BEGIN Data to process

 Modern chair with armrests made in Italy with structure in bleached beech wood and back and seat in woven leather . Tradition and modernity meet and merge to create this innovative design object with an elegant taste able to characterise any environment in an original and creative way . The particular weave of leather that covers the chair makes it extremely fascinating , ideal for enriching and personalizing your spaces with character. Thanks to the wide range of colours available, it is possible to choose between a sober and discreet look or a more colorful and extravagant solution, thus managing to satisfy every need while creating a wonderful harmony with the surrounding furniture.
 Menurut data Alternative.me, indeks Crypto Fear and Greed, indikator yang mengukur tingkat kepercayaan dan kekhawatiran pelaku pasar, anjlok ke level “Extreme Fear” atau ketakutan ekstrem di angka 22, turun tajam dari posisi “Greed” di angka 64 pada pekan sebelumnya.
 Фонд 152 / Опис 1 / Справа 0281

END Data to process
BEGIN Data to process

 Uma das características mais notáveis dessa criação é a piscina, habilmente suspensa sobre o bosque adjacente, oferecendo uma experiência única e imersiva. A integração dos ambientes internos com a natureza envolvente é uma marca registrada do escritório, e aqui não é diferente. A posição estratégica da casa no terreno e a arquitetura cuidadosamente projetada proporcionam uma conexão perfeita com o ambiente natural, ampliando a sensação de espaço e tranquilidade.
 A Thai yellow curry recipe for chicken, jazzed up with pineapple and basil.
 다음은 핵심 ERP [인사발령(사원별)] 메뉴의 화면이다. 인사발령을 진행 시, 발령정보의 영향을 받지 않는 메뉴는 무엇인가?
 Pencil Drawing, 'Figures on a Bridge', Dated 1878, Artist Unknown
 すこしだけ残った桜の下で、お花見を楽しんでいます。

END Data to process
BEGIN Data to process

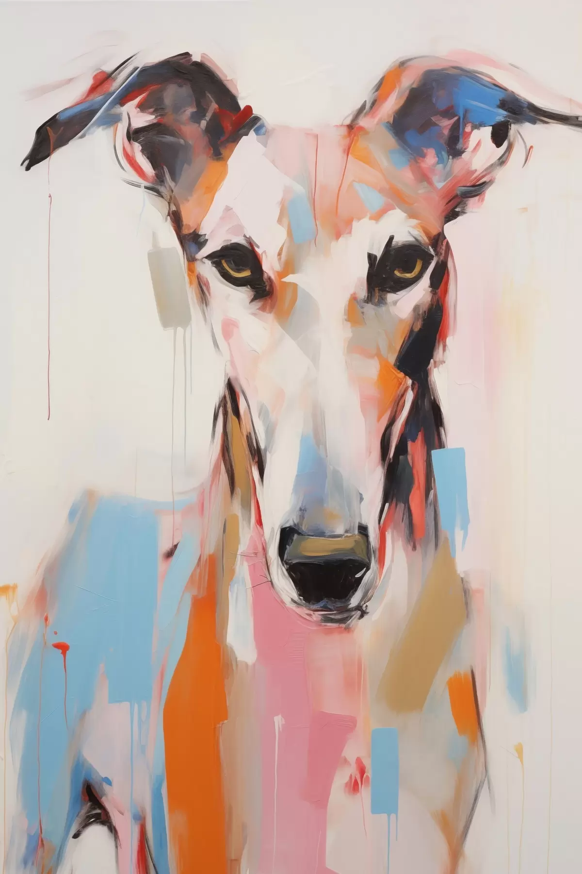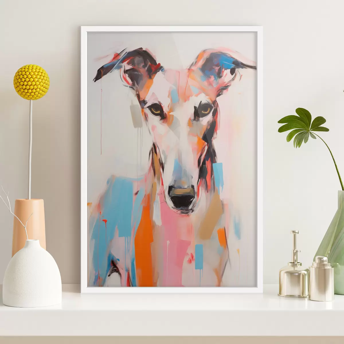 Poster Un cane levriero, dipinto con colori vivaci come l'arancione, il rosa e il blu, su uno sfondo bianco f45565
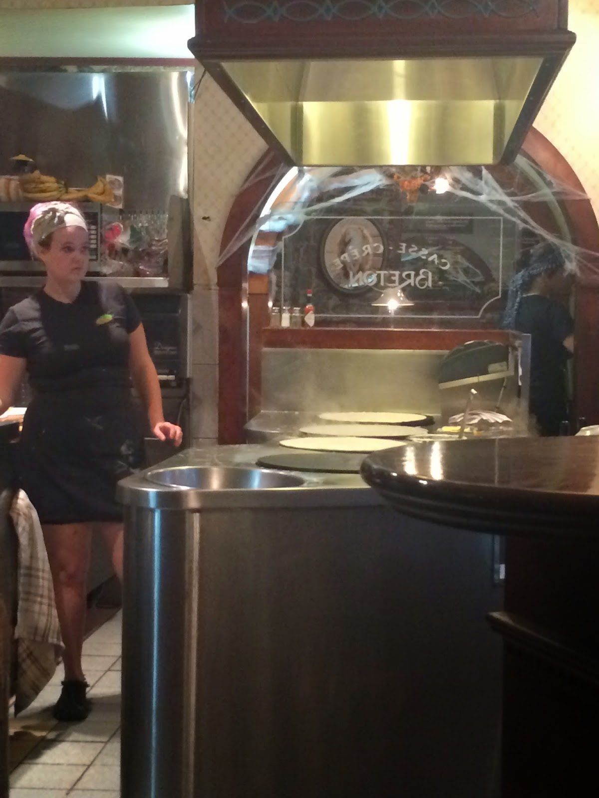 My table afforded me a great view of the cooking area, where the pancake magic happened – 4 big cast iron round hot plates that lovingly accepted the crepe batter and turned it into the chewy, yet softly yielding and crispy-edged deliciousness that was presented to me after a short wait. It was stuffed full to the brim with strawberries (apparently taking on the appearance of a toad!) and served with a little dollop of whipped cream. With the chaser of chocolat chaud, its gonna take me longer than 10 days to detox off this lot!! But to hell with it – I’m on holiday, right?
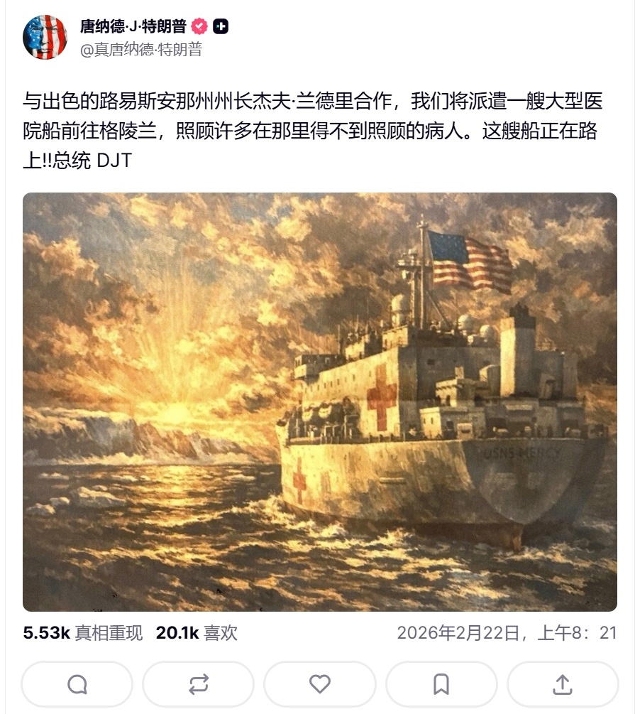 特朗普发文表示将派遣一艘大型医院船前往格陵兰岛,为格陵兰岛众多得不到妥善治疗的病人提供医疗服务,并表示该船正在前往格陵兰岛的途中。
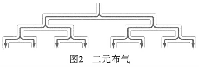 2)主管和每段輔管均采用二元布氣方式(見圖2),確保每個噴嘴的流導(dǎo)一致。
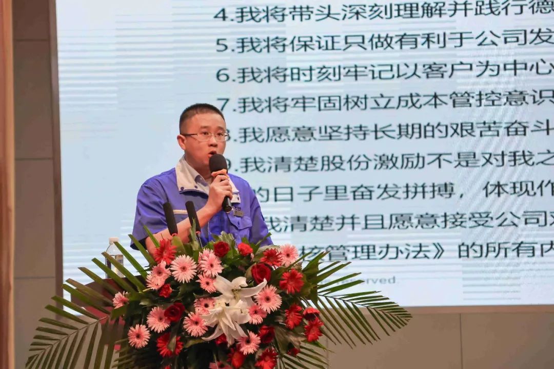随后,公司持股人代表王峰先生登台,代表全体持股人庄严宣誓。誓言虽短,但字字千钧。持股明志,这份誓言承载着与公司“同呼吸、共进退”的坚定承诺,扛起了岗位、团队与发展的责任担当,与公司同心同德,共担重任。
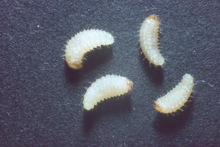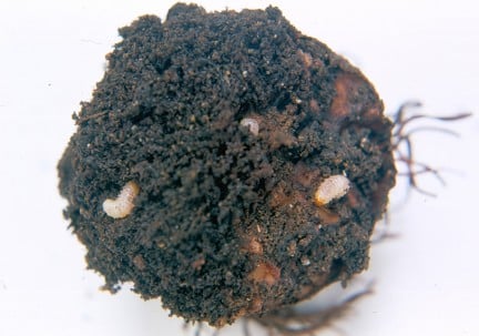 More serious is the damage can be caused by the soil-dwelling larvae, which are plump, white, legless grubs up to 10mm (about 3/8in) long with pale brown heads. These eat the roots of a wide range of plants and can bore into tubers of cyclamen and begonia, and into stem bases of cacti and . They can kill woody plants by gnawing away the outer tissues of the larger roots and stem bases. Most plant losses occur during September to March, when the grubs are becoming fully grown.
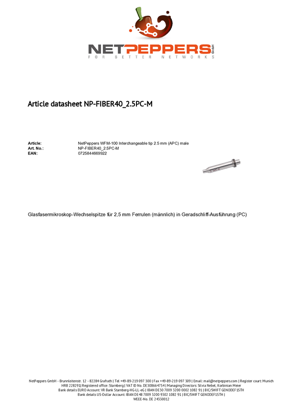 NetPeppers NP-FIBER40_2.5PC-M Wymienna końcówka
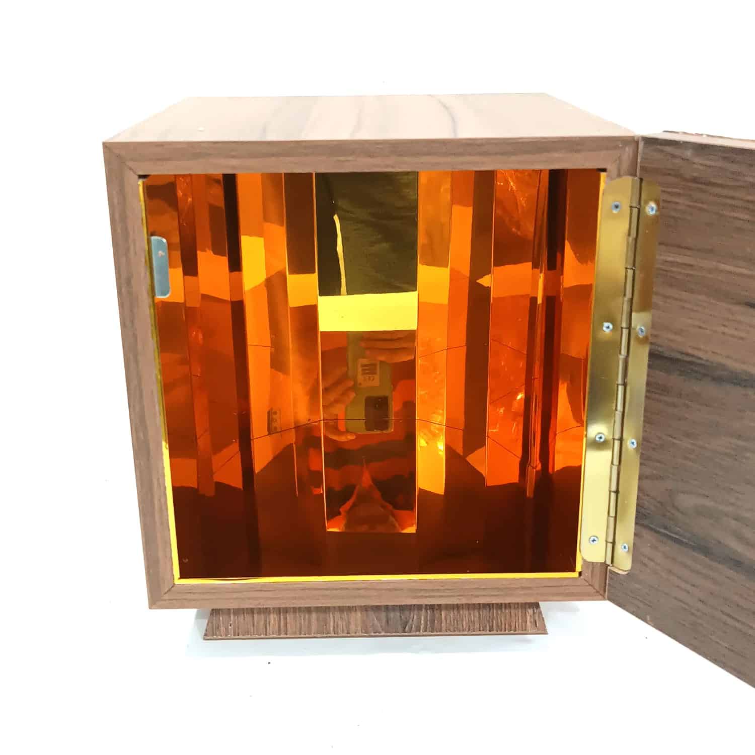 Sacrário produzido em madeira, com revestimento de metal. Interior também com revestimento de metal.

END Data to process

--- What to produce ---
Where the data above reaches the line holding "A Thai yellow", begin printing, and stop after the line holding "すこしだけ残った桜の下で、お花見を楽しんでいます。". Each line must be reproduced exactly, with nothing else added.

--- Response box ---
 A Thai yellow curry recipe for chicken, jazzed up with pineapple and basil.
 다음은 핵심 ERP [인사발령(사원별)] 메뉴의 화면이다. 인사발령을 진행 시, 발령정보의 영향을 받지 않는 메뉴는 무엇인가?
 Pencil Drawing, 'Figures on a Bridge', Dated 1878, Artist Unknown
 すこしだけ残った桜の下で、お花見を楽しんでいます。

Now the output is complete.